* _EXERCISE_
Could you please retype all of the records exactly, skipping any pictures?

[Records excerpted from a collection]
______________________________

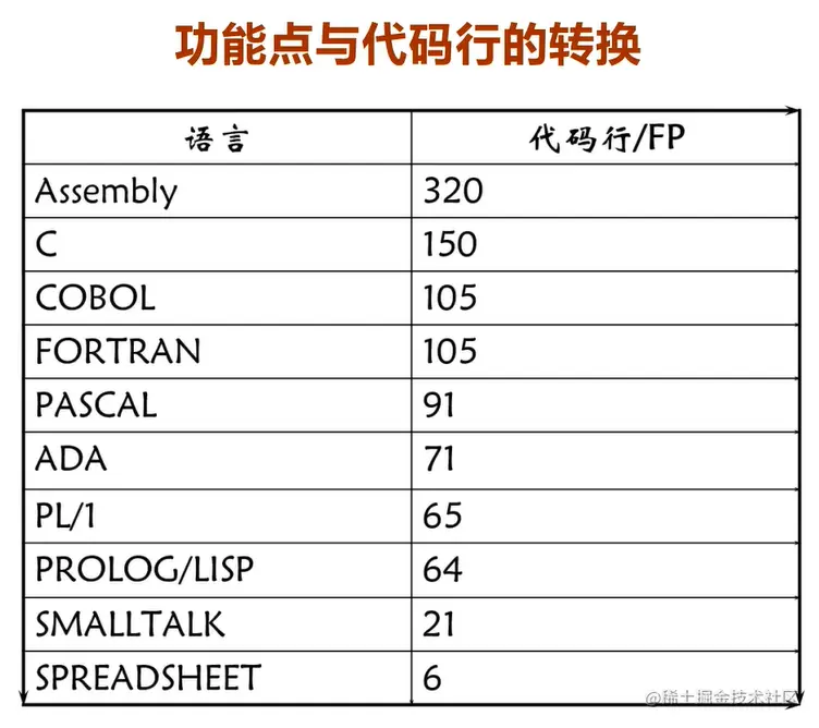 我们知道代码行估算法与实现的语言相关,功能点则不同,那么这个表展示了功能点对应的不同语言代码行数,那么他是通过经验数据统计得出的。
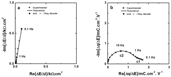 The experimental data of the electrochemical impedance, , and the charge/potential TF, , were fitted using theoretical functions given in Equations (A1) and (A2). It is considered here that only two ions, c1 and c2, are involved in the charge compensation process.
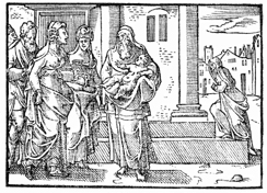 Description: When Mary and Joseph bring the infant Jesus to the temple to present him to the priest, Simeon and Anna bless Jesus in the temple. Illustration by Pierre Eskrich (ca. 1550-ca. 1590).
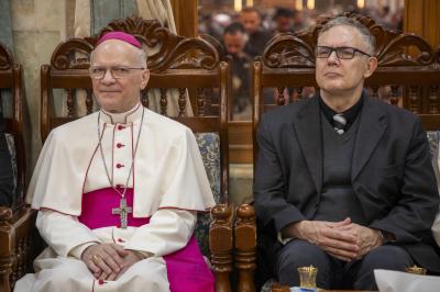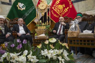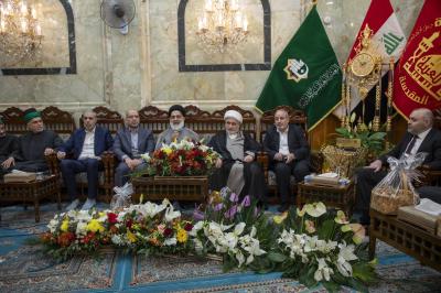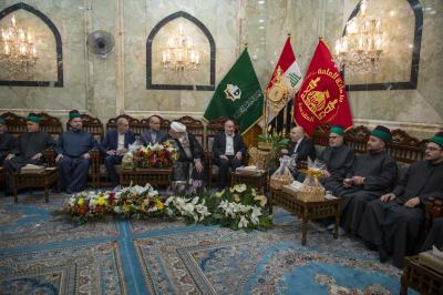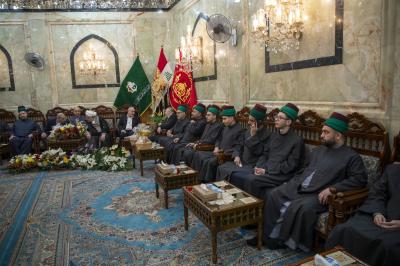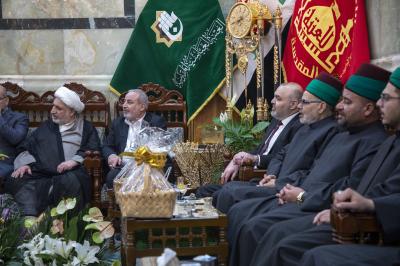 The delegation of the Imam al-Hussayn's (p) holy shrine presented congratulations to the servants of the Al-Abbas's(P) holy shrine, on the occasion of the birth anniversary of Aba al-Fadl al-Abbas (Peace be upon him).
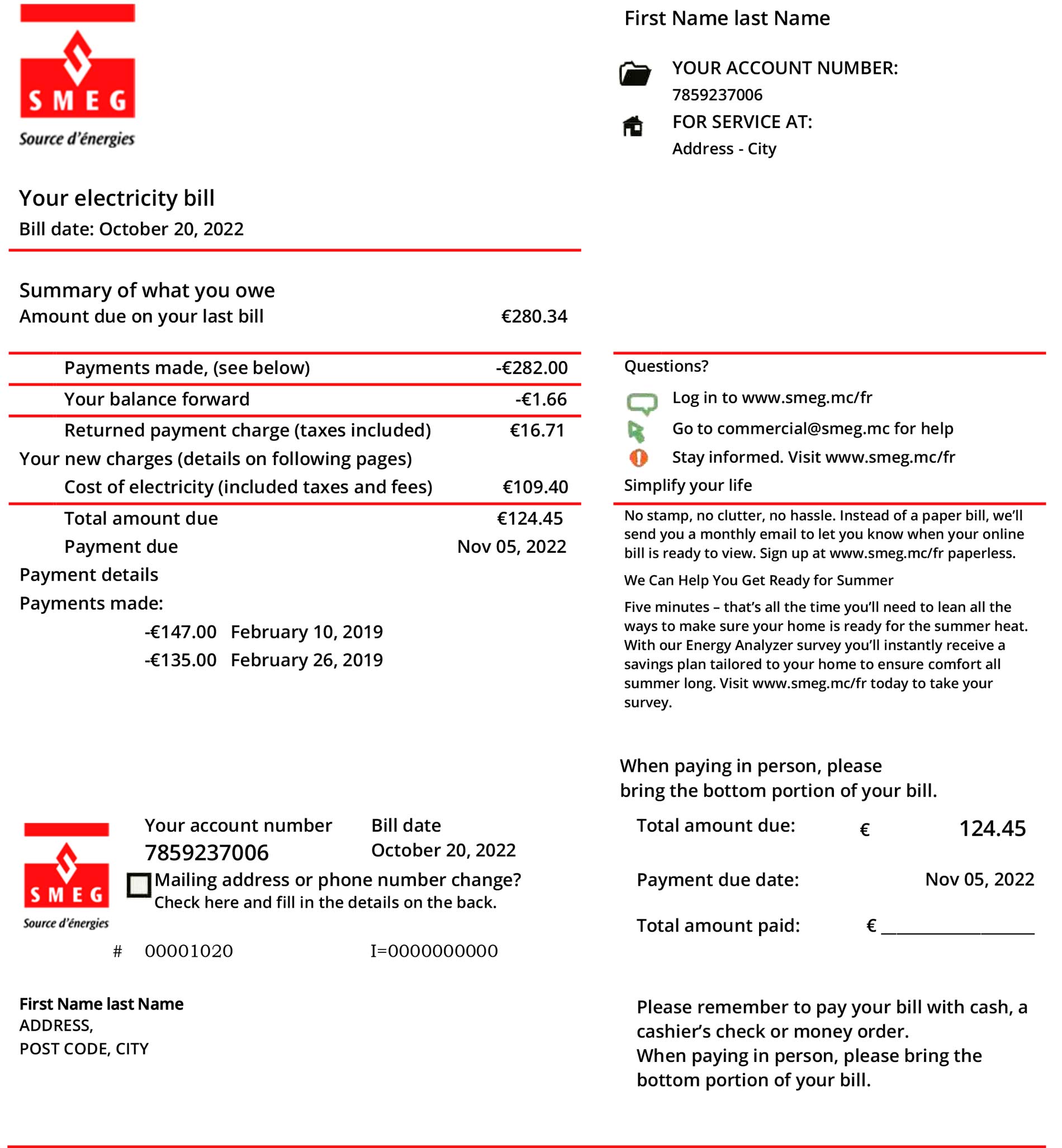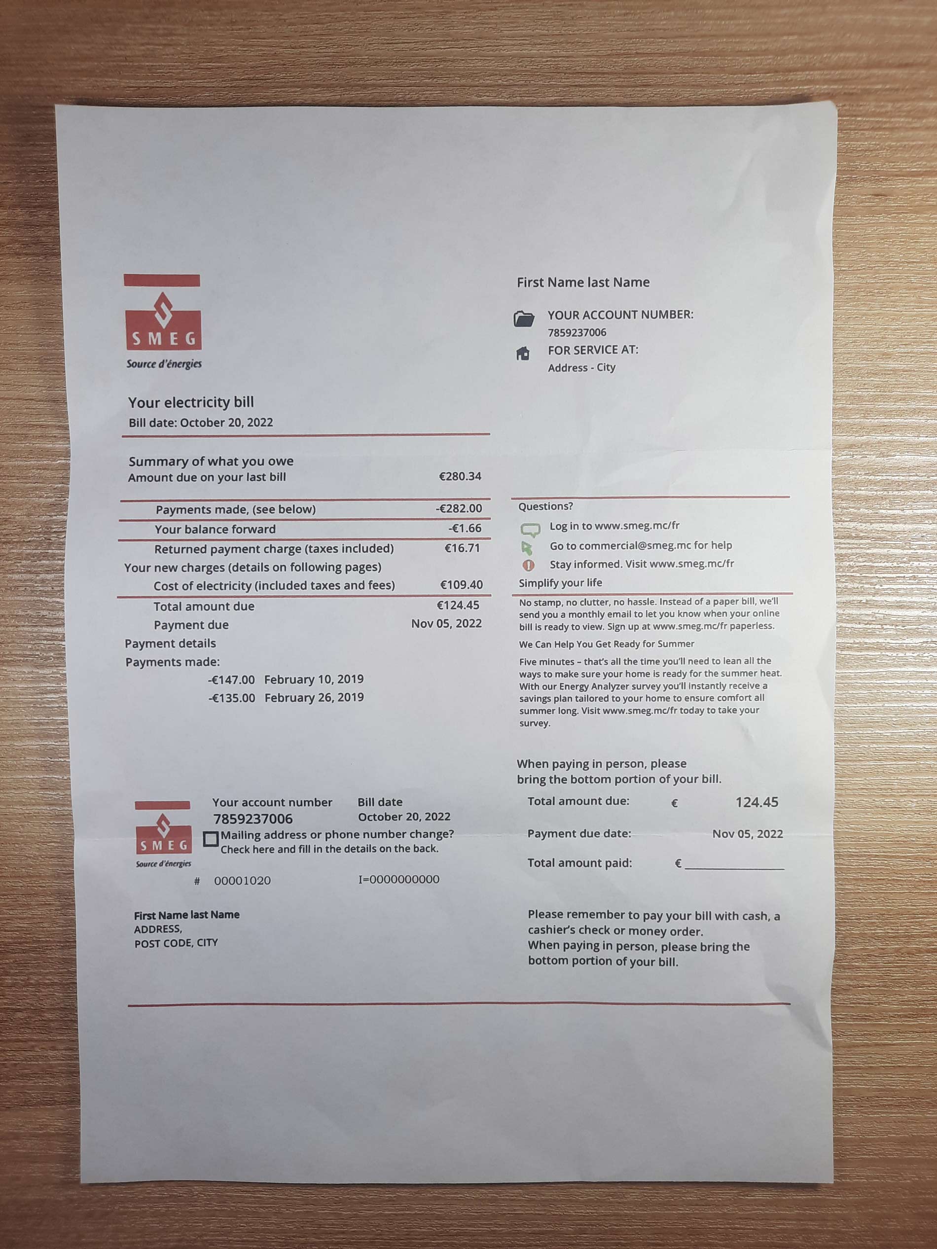 This Monaco utility bill maker offers a ready-to-edit, high-resolution statement template optimized for both digital and print use. The layout follows the standard structure of Monaco’s utility documents, including editable fields for user information, billing cycle, and total amounts. Built with a Done-For-You approach, it’s ideal for professionals needing realistic mockups for POA/KYC verification, UI design testing, and document training environments without the need for manual formatting.
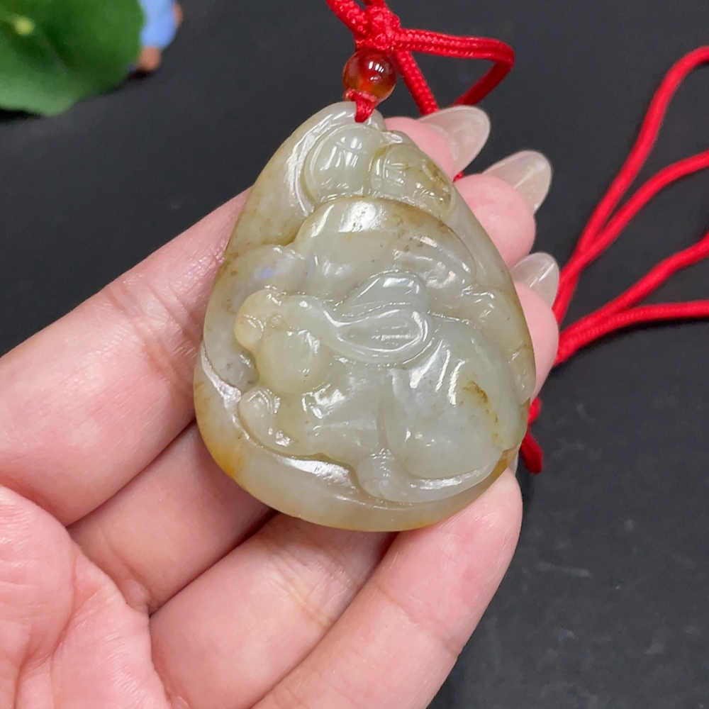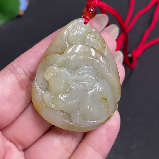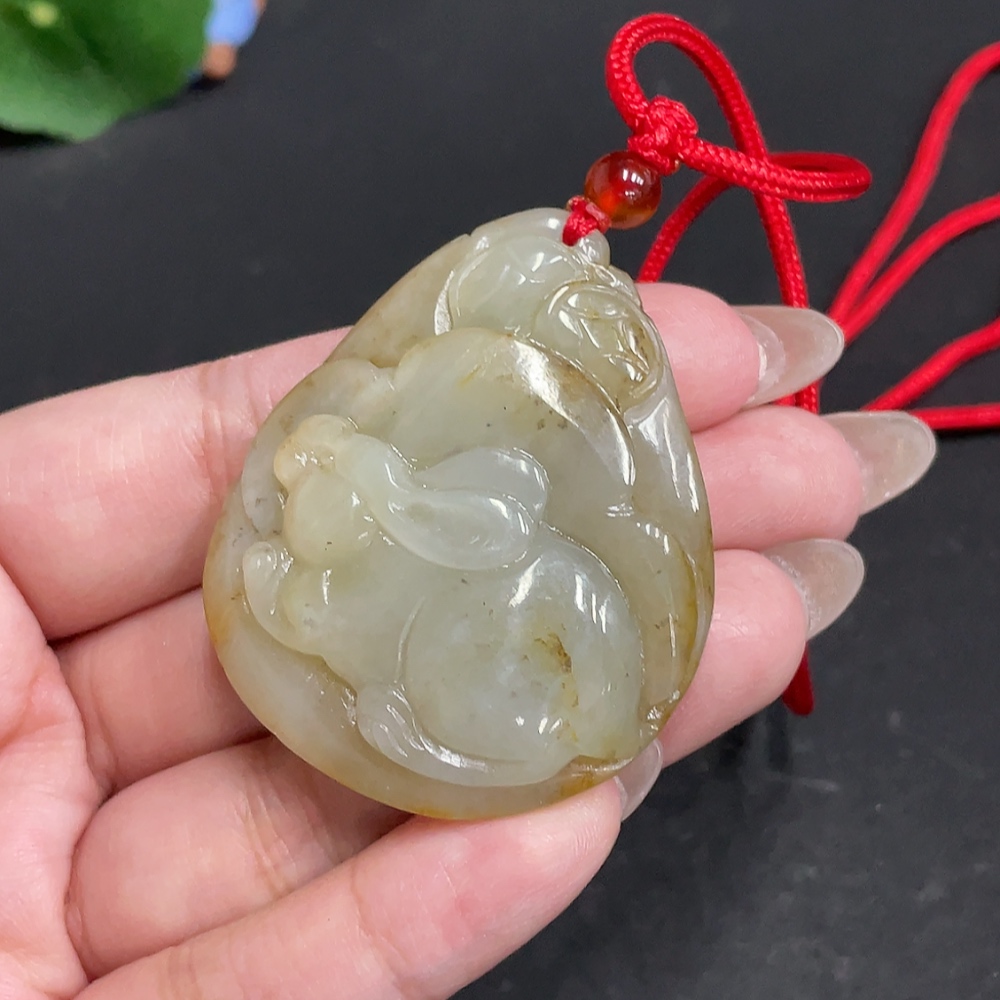 Hetian Jade Pendant Rabbit Total Weight Approx. [with Rope] 45.2g
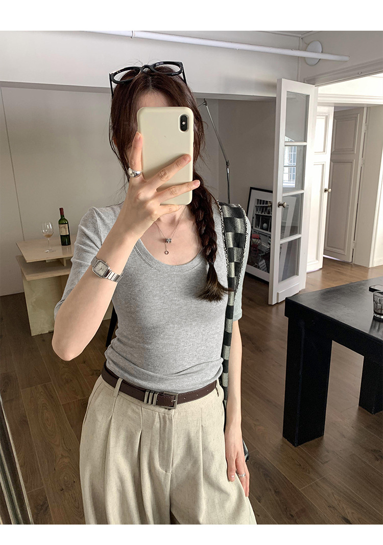 螺纹U领中袖女夏季新款辣妹纯欲风低圆领T恤纯色修身显瘦上衣
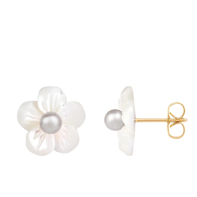 These 14K yellow gold stud earrings feature a combination of 4-4.5mm freshwater pearls and 10mm mother of pearl, offering a sophisticated and timeless design. The smooth, lustrous pearls complement the iridescent glow of the mother of pearl, creating an elegant and versatile accessory perfect for both casual and formal wear.

______________________________

* _ANSWER TO THIS TASK_
 我们知道代码行估算法与实现的语言相关,功能点则不同,那么这个表展示了功能点对应的不同语言代码行数,那么他是通过经验数据统计得出的。
 The experimental data of the electrochemical impedance, , and the charge/potential TF, , were fitted using theoretical functions given in Equations (A1) and (A2). It is considered here that only two ions, c1 and c2, are involved in the charge compensation process.
 Description: When Mary and Joseph bring the infant Jesus to the temple to present him to the priest, Simeon and Anna bless Jesus in the temple. Illustration by Pierre Eskrich (ca. 1550-ca. 1590).
 The delegation of the Imam al-Hussayn's (p) holy shrine presented congratulations to the servants of the Al-Abbas's(P) holy shrine, on the occasion of the birth anniversary of Aba al-Fadl al-Abbas (Peace be upon him).
 This Monaco utility bill maker offers a ready-to-edit, high-resolution statement template optimized for both digital and print use. The layout follows the standard structure of Monaco’s utility documents, including editable fields for user information, billing cycle, and total amounts. Built with a Done-For-You approach, it’s ideal for professionals needing realistic mockups for POA/KYC verification, UI design testing, and document training environments without the need for manual formatting.
 Hetian Jade Pendant Rabbit Total Weight Approx. [with Rope] 45.2g
 螺纹U领中袖女夏季新款辣妹纯欲风低圆领T恤纯色修身显瘦上衣
 These 14K yellow gold stud earrings feature a combination of 4-4.5mm freshwater pearls and 10mm mother of pearl, offering a sophisticated and timeless design. The smooth, lustrous pearls complement the iridescent glow of the mother of pearl, creating an elegant and versatile accessory perfect for both casual and formal wear.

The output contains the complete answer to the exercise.